I tried that one as well. Still want to reduce the extraction to the exact highlighted text. I want to analyse the highlighted text for users, so want as little pollution as possible.

Thanks for another quick solution. I will try it now.

edxu96 · 2020-07-11T17:40:14Z

Yor next question will probably be:
"How can I shrink the selection down to the highlighted words only?"

Thanks for the reply. The method works. I did try Annot.lineEnds, but it is not applicable to highlights.

Will write more code to make the program robust, so that it knows when to include the intersections.

JorjMcKie · 2020-07-11T17:49:09Z

Annot.lineEnds is just a pair of ints encoding the line end symbols for applicable annot types.

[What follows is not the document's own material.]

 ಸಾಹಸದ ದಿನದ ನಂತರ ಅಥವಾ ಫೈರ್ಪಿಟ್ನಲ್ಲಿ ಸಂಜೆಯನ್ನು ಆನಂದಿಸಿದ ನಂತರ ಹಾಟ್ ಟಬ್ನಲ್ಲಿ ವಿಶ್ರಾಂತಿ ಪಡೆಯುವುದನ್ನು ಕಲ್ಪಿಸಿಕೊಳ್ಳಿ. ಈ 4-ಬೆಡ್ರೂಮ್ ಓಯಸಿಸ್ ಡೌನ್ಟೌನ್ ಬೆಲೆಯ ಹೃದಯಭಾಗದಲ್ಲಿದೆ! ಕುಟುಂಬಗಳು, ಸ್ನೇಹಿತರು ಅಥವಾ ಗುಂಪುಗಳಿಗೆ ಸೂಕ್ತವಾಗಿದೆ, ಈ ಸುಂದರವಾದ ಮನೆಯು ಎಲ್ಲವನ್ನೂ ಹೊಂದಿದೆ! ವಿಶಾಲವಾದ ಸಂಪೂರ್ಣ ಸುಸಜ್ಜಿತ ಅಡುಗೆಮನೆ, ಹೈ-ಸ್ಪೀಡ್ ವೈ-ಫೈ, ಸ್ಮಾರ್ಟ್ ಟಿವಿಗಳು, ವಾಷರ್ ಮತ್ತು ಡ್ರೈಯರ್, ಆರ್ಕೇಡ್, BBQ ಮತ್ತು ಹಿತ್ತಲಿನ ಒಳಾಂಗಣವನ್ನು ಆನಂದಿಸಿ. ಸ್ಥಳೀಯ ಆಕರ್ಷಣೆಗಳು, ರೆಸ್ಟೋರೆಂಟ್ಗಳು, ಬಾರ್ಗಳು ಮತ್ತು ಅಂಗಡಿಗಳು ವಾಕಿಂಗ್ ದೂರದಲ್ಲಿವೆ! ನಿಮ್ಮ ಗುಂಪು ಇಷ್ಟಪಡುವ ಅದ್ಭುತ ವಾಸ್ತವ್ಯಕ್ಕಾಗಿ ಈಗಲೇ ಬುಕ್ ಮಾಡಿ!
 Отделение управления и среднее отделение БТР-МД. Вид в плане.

Has nothing to do with your problem.

Here is a more compact code snippet:

points = annot.vertices
quad_count = int(len(points) / 4)
highlight_words = []
for i in range(quad_count):
    r = fitz.Quad(points[i * 4 : i * 4 + 4]).rect
    for w in wordlist:
        if fitz.Rect(w[:4]) in r:
            highlight_words.append(w[4])

print(" ".join(highlight_words))

Delivers exactly the highlighted text.

edxu96 · 2020-07-15T13:53:24Z

I enhanced your method by selecting words according to intersection areas. The word is only selected when the highlight contains at least 90% of that word.

_threshold_intersection = 0.9  # if the intersection is large enough.


def _check_contain(r_word, points):
    """If `r_word` is contained in the rectangular area.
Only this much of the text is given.